For Ubuntu, I suggest unetbootin, though it does not work all the time.

Another way is to format pendrive as ext2 and install the distro in it the normal way using live CD. This works most often. Do this if unetbootin does not work.


----------



## pr.itdude (Nov 27, 2008)

thnx for ur quick suggestions.........
but im not able to perform these task.......
can u just plz give me detailed information.....!!
thnx


----------



## mrintech (Nov 27, 2008)

*Detailed Information here:*



mrintech said:


> *These Links will help you:*
> 
> * *www.howtogeek.com/howto/linux/create-a-bootable-ubuntu-usb-flash-drive-the-easy-way/
> 
> ...


----------



## amitava82 (Nov 27, 2008)

If you are unable to perform this task then do not use Linux.


----------



## Faun (Nov 27, 2008)

@OP
you are linux incompatible, please stick to windows (or perhaps mac)


----------



## pr.itdude (Nov 28, 2008)

oh really.........
thnx for ur passimistic suggestions........
but its of no use........as i have already worked on different flavors of linux........ubuntu, mandriva.....
i didnt have tym so asked the quest.........
thnx anyway......


----------



## amitava82 (Nov 28, 2008)

I seriously doubt your expertise n Linux or computer itself. If you had worked on Linux before, you wouldn't have asked this question at the first place.

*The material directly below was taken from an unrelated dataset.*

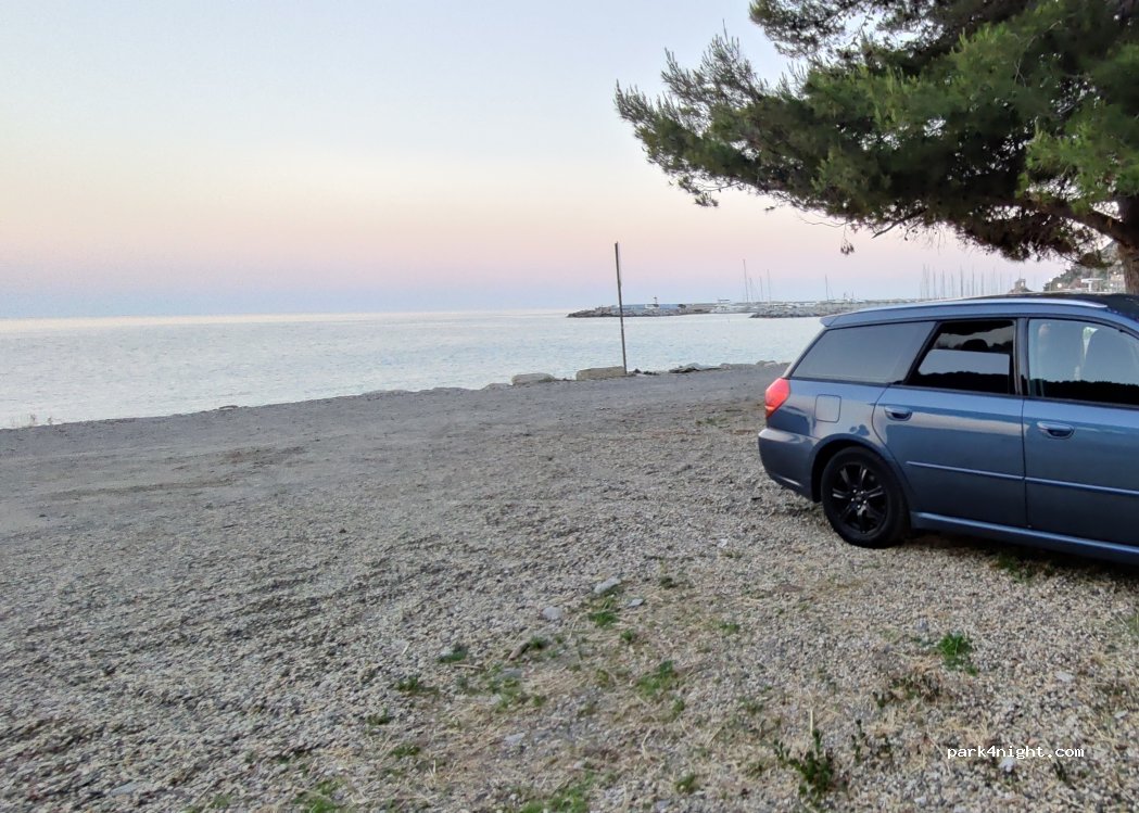 Only for cars/small vans!! The spot is right on the beach in walking distance of Alassio (10min) and Albenga (50 min). You access it by a very narrow road under a little tunnel (height limit), it's on the opposite side from the beach bar parking (turn right after little tunnel). there are public toilets a few minutes away in the port. the train is noisy but ok for a night or two

And regarding your expertise in Computer, if you can't download a single file (with direct download link given) and follow simple instruction like this: 

*www.clearpixels.net/upload/uploads/91521354634528291384.jpg

which prove otherwise. Next time, have enough time to complete your sentence at least.


----------



## MetalheadGautham (Nov 28, 2008)

I agree with amitava and T159. Some things operations are more like self tests. If you can't do them, you are not good enough to do the rest. So don't end up posting here 10 days later and get a "I told you so" reply. Learning linux needs time, which you lack, according to your own post.


----------



## uday9484 (Nov 28, 2008)

what aboat windows ,can we make xp bootable pendrive and install it to drive


----------



## amitava82 (Nov 28, 2008)

Yes you can.


----------



## mrintech (Nov 28, 2008)

uday9484 said:


> what aboat windows ,can we make xp bootable pendrive and install it to drive


*www.askgb.co.cc/2008/07/creating-live-cdusb-of-xpvista.html


----------



## rajrishi (Jan 12, 2009)

some on answer me how i make partition in pendrive,a bootable pendrive???????????????


----------



## haider_up32 (Jan 14, 2009)

which pd??


----------